In 2018, the app was named "One of the Best" at CES BeautyTech and won the CEW Best Beauty App Award. The same year, YouCam Makeup partnered with Cosmopolitan magazine for the first print-to-digital virtual beauty service, allowing readers to try virtual makeup looks via their mobile devices.

In 2019, the app was honored at the 32nd Edison Awards and CEW's Beauty Awards.

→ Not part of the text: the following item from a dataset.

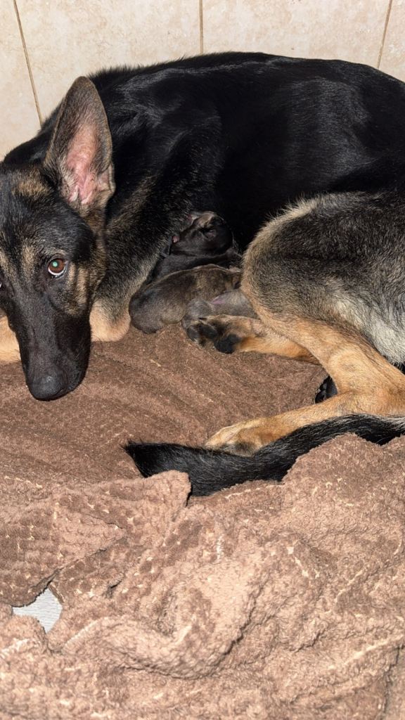 I had a litter of puppies that were completely unplanned. Mum is German Shepherd and dad is staffy x Rottweiler.
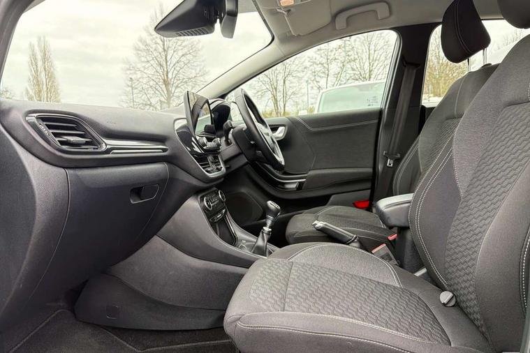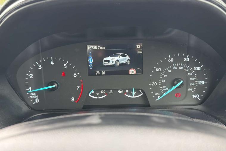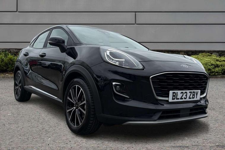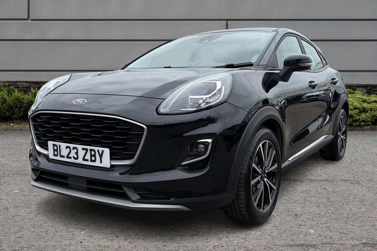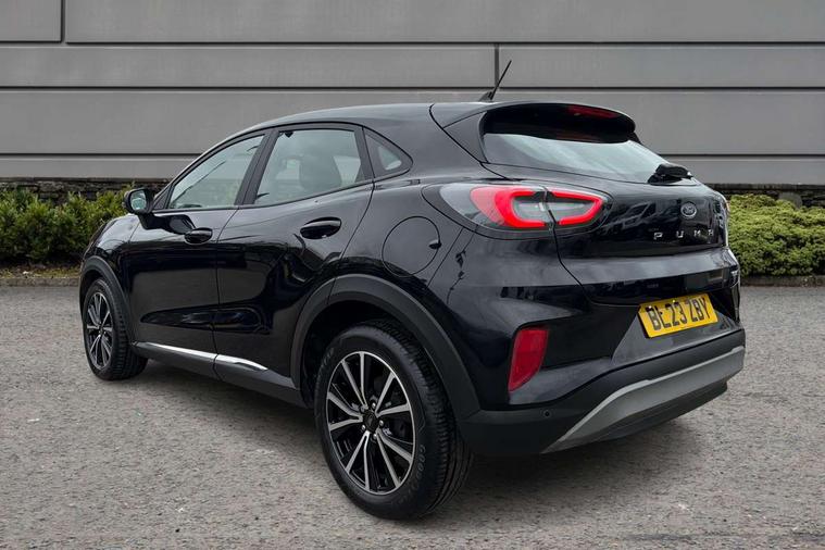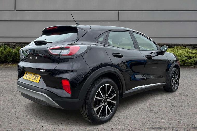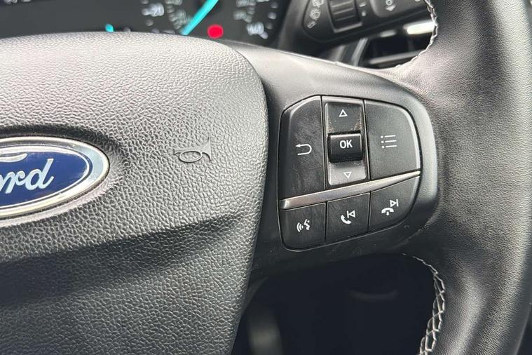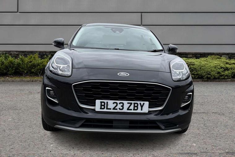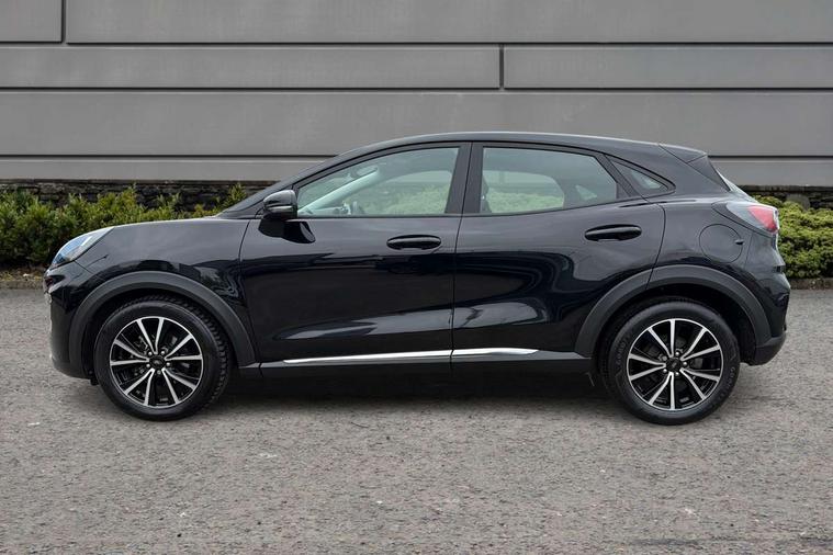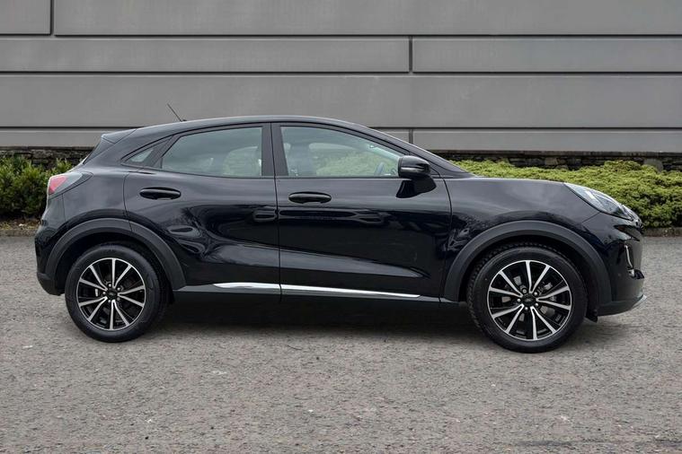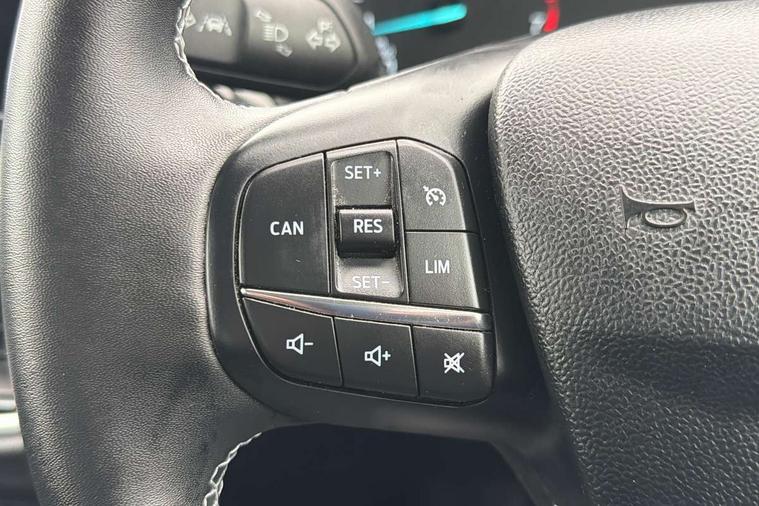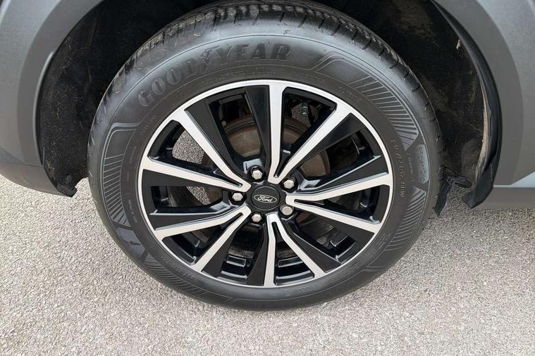 Driver impairment monitor, Emergency call service, Ford easy fuel, Lane keeping aid with lane departure warning, Power assist steering, Power start button, Rear parking sensor, Selectable drive modes(Normal, Eco, Sport, Slippery and Trail), Speed sign recognition, Standard suspension, Automatic headlights with auto high beam, Automatic rain sensing wipers, Body colour rear spoiler, LED rear lamps, Power foldable heated door mirrors with puddle lamps, Projector headlamps with LED day time running lights and front fog lamps, Quickclear heated windscreen, Rear side wing doors, Rear wiper, Third brake light, 3 seat bench in 2nd row, Centre console with armrest and stowage, Electronic automatic temperature control (EATC), Ford megabox extended bootspace, Front and rear head restraints, Front floor mats, Manual 2 way passenger seat adjustment, Manual 4 way driver seat adjust with lumbar adjustment, Sensico leather steering wheel/gear knob/handbrake, Single front passenger seat, Titanium cloth upholstery, Ford SYNC 3 navigation pack - Puma, 3 rear seatbelts, Child safety lock, Electronic stability control (ESC) and hill start assist, Pedestrian/cyclist detection & post-collision braking, Pre collision assist system, Tyre pressure monitoring system (TPMS), Thatcham alarm, 17" 10 spoke absolute black machined finish alloy wheel,

In 2022, the app collaborated with Paramount Pictures on the interactive Top Gun: Maverick movie experience and supported breast cancer awareness by sponsoring Pink Agenda events in May, June, and October.
== Features ==
YouCam Makeup can perform tasks of:

Virtual try-on:
- AR makeup: AR-powered application of virtual makeup looks with customizable lipsticks, eyeshadows, blushes, eyeliners, and more;
- AR accessories: Augmented reality feature enabling the application of virtual accessories, including glasses, hats, earrings, and other accessories;
- AR effects: Integration of dynamic visual elements and background modifications.

Beauty tools:

- Skin smoothing: adjustment of skin texture to remove blemishes, smooth wrinkles, and even out skin tone;
- Face reshaping: modification of facial proportions, including sliming face, enlarging eyes, reshaping nose, and adjusting other facial features;
- Body tuning: proportional alterations to body shape;
- Teeth whitening;
- Eye & lip enhancement: enhances eye color, removes red-eye, and adds sparkle.

Hairstyles:

- AI hairstyle: Simulation of various hairstyle options;
- Hair coloring: Visualization of different hair colors and shades.

Photo editing:

- Photo makeup: digital application of makeup effects including lipstick, eyeshadow, blush, and more in photo editing mode;
- Effects: application of photo effects with different styles and moods;
- Editing tools: Functions for cropping, resizing, rotating, adjusting brightness, contrast, saturation, sharpness;
- AI removal: automatically removes unwanted objects from photos;
- AI background: Modification of photo background, making transparent background, or changing the background color and image;

Generative AI tools

- AI fashion: Visualization of virtual clothing and accessories;
- AI avatar: Creation of personalized avatars with customizable features;
- AI headshot: Generation of professional-quality headshots using AI technology;
- AI studio: A creative space for visual effects and enhancements;
- AI aging: Age progression simulation through AI-based algorithms.